=== Supplied material ===
BEGIN

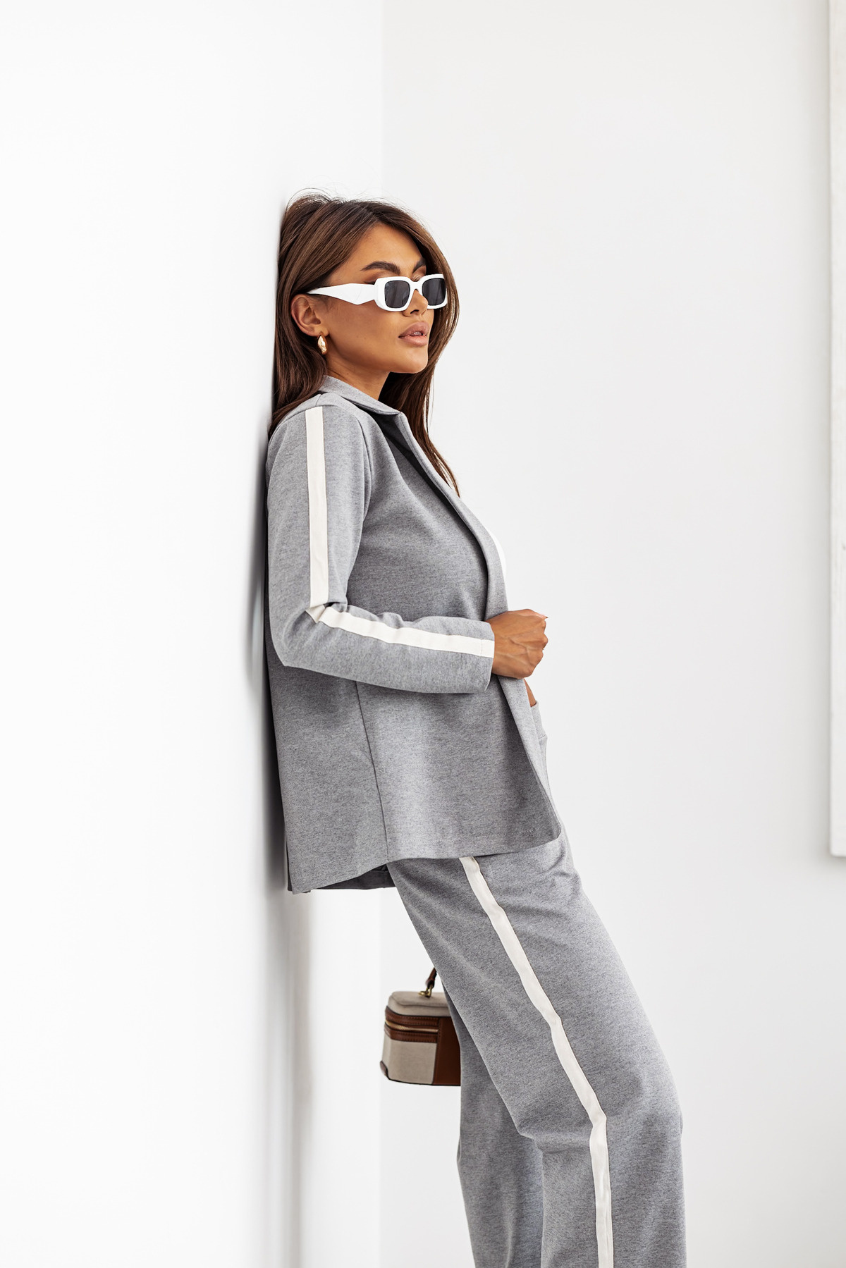 KOMPLET Z SZWEROKIMI SPODNIAMI+MARYNARKA- SZARY
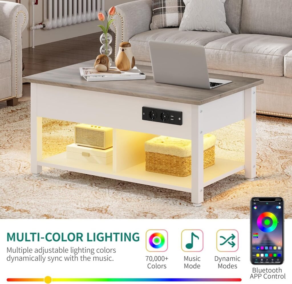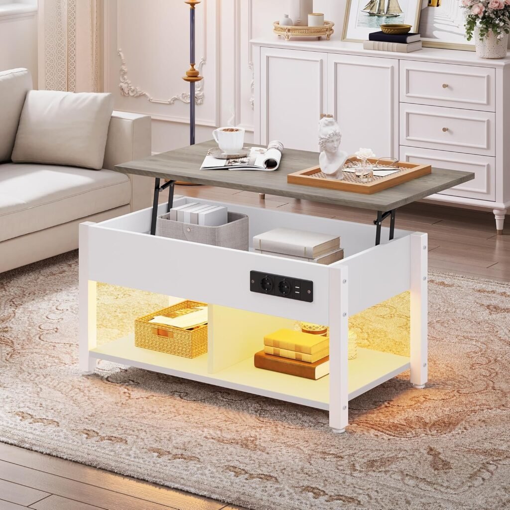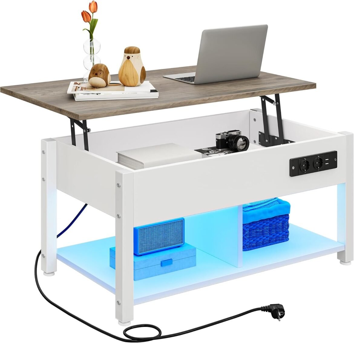 La Mesa de Centro Elevable YITAHOME con LED combina funcionalidad y estilo: tapa ajustable como escritorio, iluminación ambiental, y almacenamiento oculto. Ideal para renovar tu salón con versatilidad y elegancia.
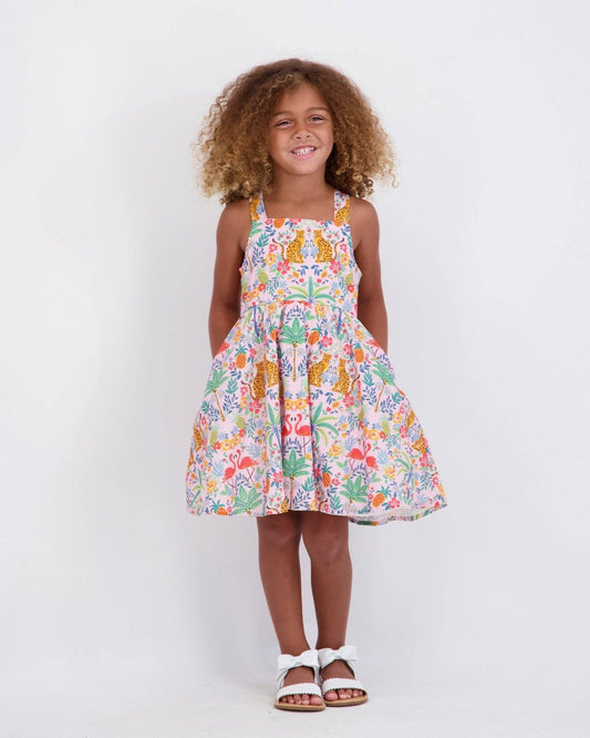 Girls Textured Cotton Poplin Dress | Pink Cheetah
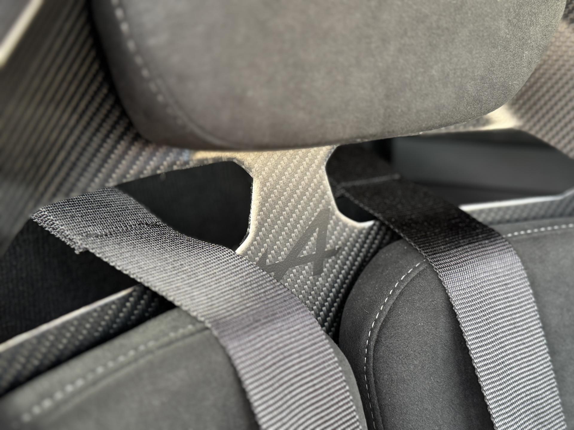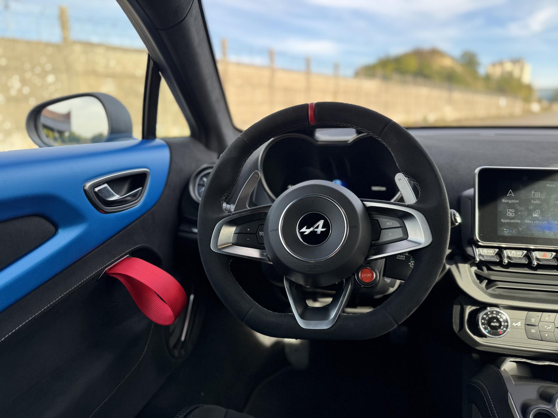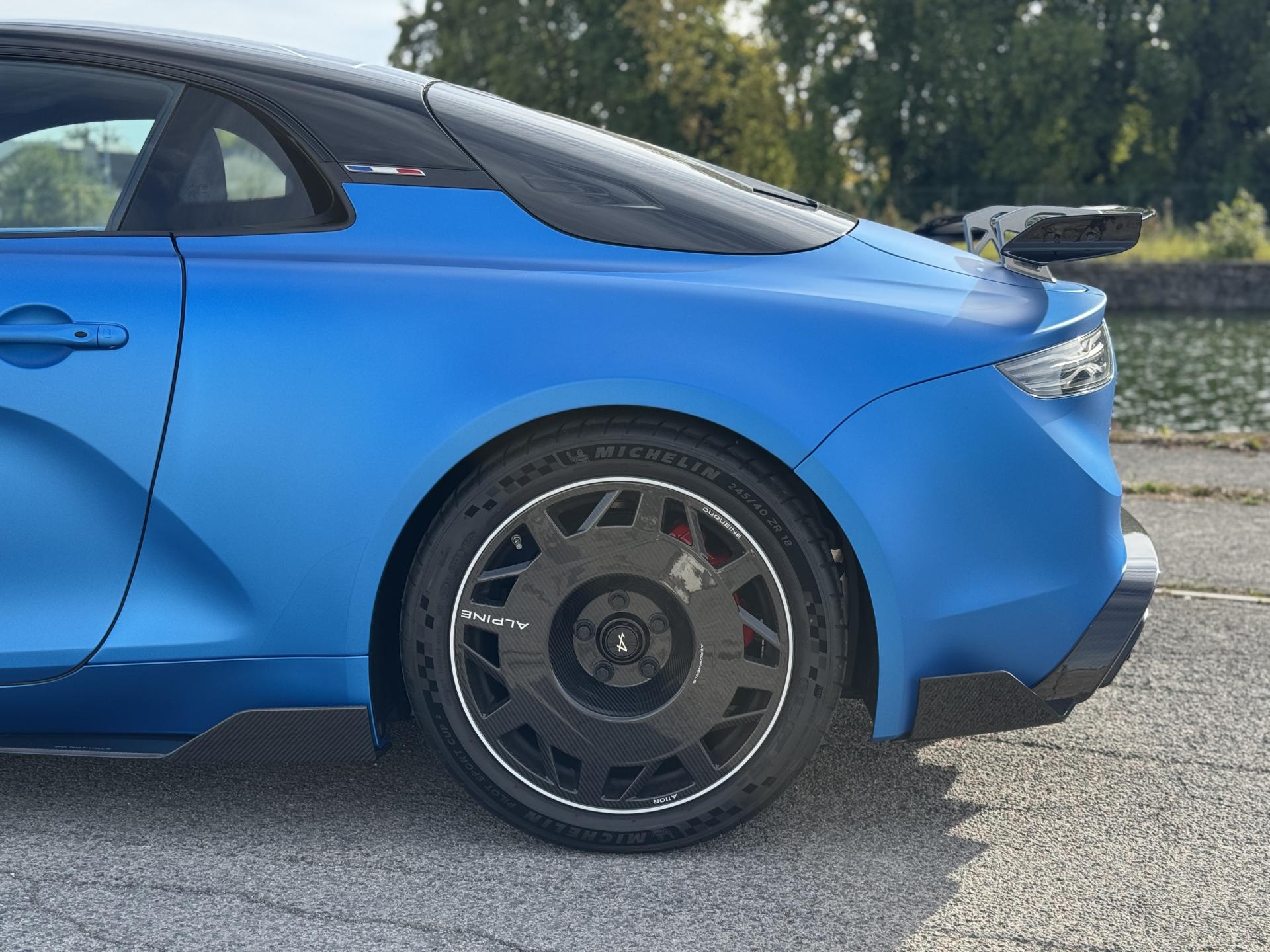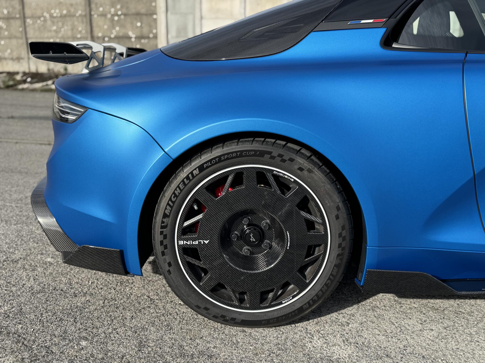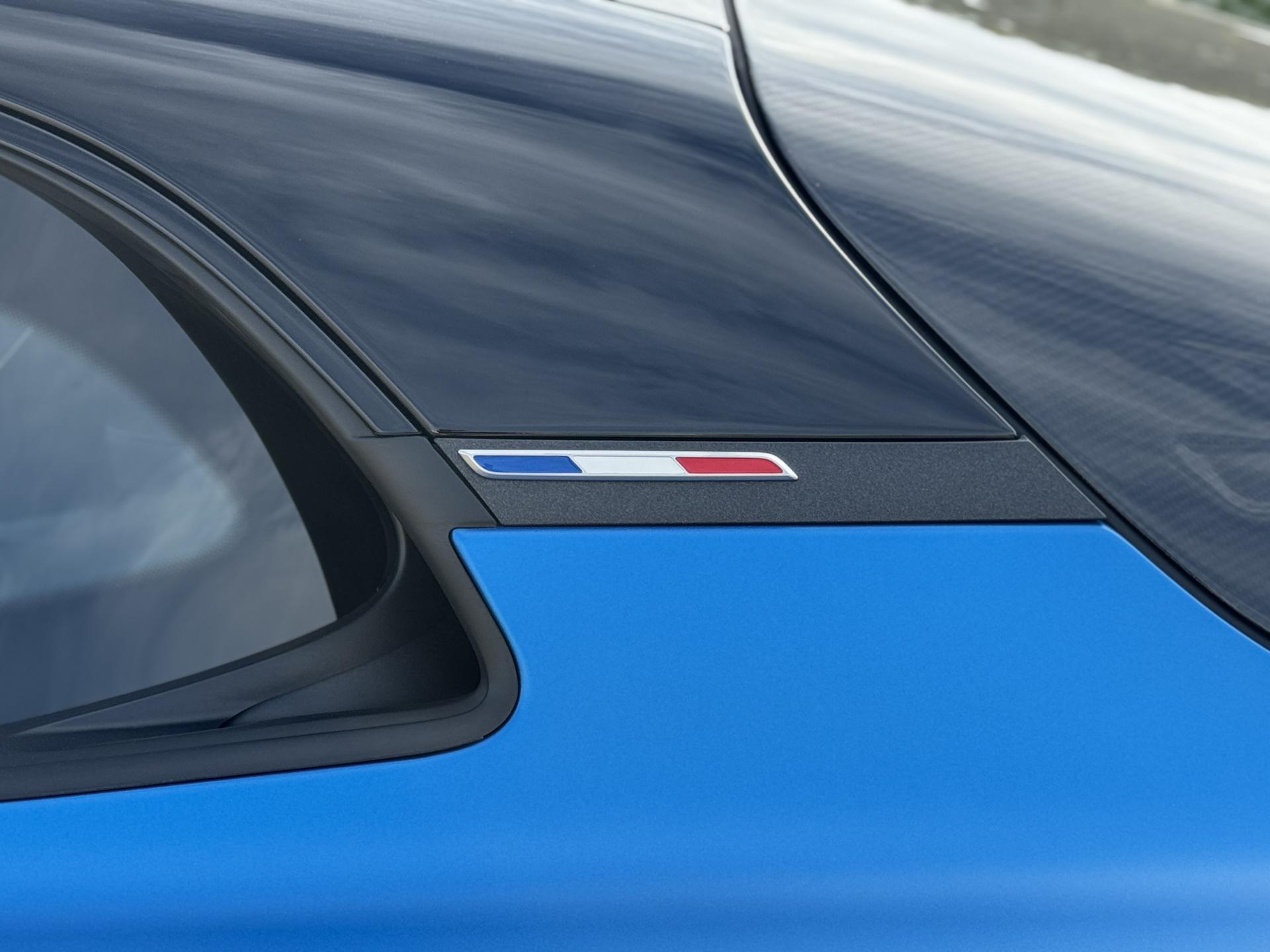 Parmi les options les plus prestigieuses, cette Alpine reçoit la peinture exclusive Bleu Racing Mat, le Pack Carbone R et le Kit Aéro R intégrant lame avant, diffuseur et aileron arrière pour un appui optimisé. Elle se distingue également par son logo A sur le toit et sa livrée French flag qui rappellent fièrement les origines de la marque.

END

=== Task to complete ===
Your task is to reproduce exactly the lines from the start of the data above through the line containing "Girls Textured Cotton", leaving every picture out.

=== Answer section ===
 KOMPLET Z SZWEROKIMI SPODNIAMI+MARYNARKA- SZARY
 La Mesa de Centro Elevable YITAHOME con LED combina funcionalidad y estilo: tapa ajustable como escritorio, iluminación ambiental, y almacenamiento oculto. Ideal para renovar tu salón con versatilidad y elegancia.
 Girls Textured Cotton Poplin Dress | Pink Cheetah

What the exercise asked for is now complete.